What is needed: Your answer must be an exact copy of the listing, with the images left out.

Raw data:
____

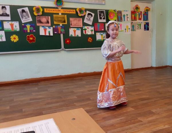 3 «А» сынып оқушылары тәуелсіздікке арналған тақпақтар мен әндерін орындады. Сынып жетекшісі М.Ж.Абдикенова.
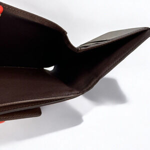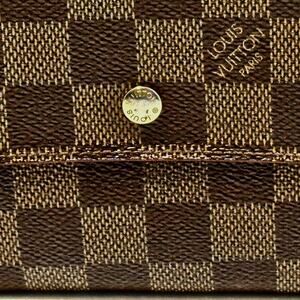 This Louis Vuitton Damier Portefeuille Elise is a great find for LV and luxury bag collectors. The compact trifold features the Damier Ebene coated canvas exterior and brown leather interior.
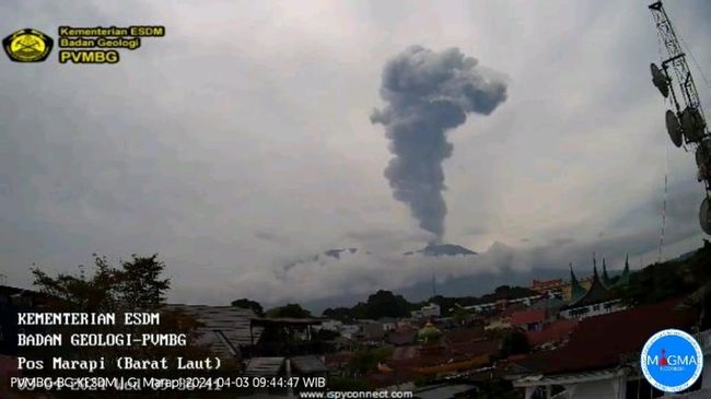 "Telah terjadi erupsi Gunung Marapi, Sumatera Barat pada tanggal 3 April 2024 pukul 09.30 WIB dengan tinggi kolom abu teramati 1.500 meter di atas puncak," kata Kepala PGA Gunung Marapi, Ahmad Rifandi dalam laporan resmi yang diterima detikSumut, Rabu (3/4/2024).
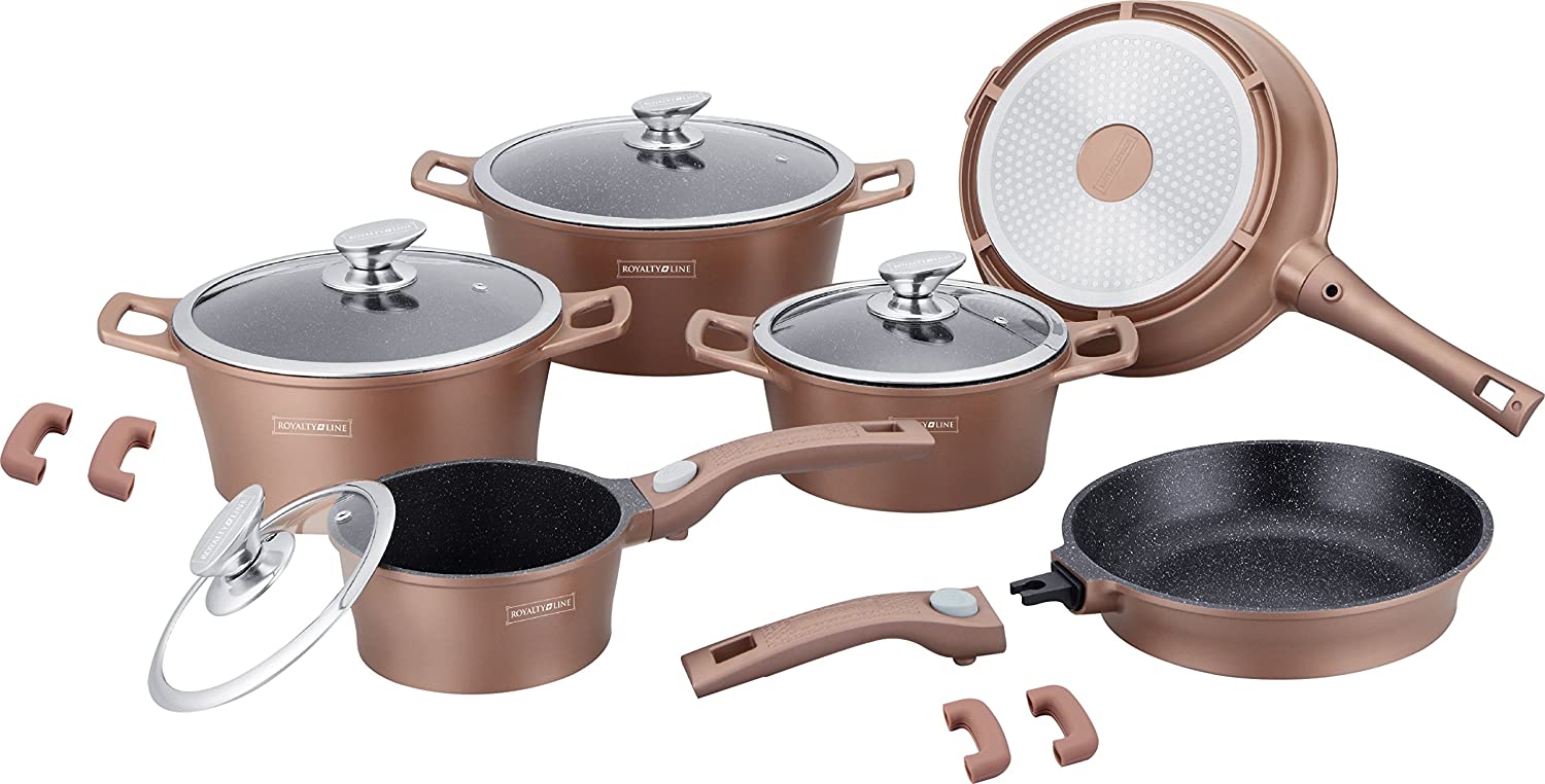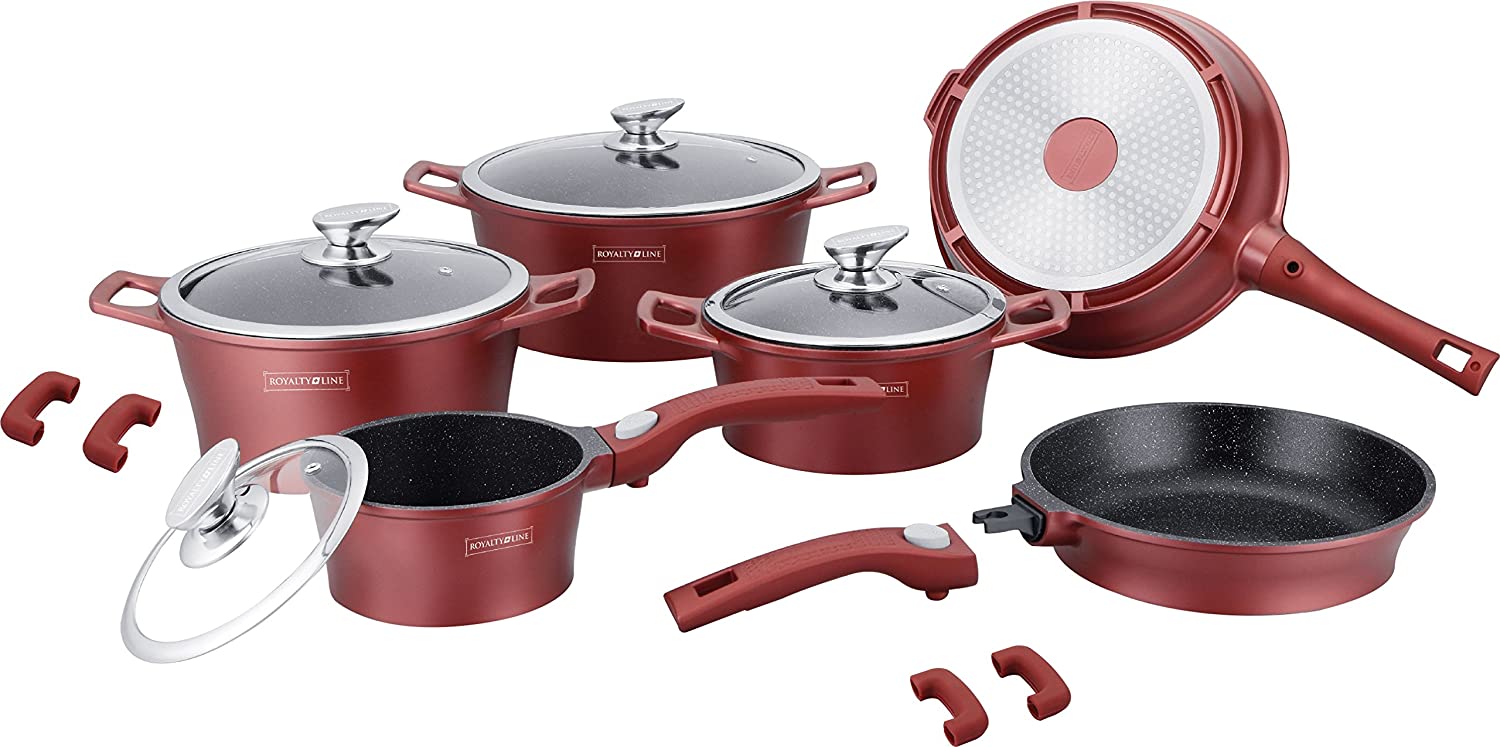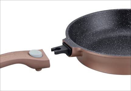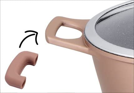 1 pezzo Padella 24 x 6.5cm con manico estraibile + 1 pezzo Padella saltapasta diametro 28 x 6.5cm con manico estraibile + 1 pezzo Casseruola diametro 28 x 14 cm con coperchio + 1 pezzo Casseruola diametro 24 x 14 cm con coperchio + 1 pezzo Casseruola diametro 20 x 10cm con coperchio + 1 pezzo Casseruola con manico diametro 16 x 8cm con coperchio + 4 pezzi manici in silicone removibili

____

Task result:
 3 «А» сынып оқушылары тәуелсіздікке арналған тақпақтар мен әндерін орындады. Сынып жетекшісі М.Ж.Абдикенова.
 This Louis Vuitton Damier Portefeuille Elise is a great find for LV and luxury bag collectors. The compact trifold features the Damier Ebene coated canvas exterior and brown leather interior.
 "Telah terjadi erupsi Gunung Marapi, Sumatera Barat pada tanggal 3 April 2024 pukul 09.30 WIB dengan tinggi kolom abu teramati 1.500 meter di atas puncak," kata Kepala PGA Gunung Marapi, Ahmad Rifandi dalam laporan resmi yang diterima detikSumut, Rabu (3/4/2024).
 1 pezzo Padella 24 x 6.5cm con manico estraibile + 1 pezzo Padella saltapasta diametro 28 x 6.5cm con manico estraibile + 1 pezzo Casseruola diametro 28 x 14 cm con coperchio + 1 pezzo Casseruola diametro 24 x 14 cm con coperchio + 1 pezzo Casseruola diametro 20 x 10cm con coperchio + 1 pezzo Casseruola con manico diametro 16 x 8cm con coperchio + 4 pezzi manici in silicone removibili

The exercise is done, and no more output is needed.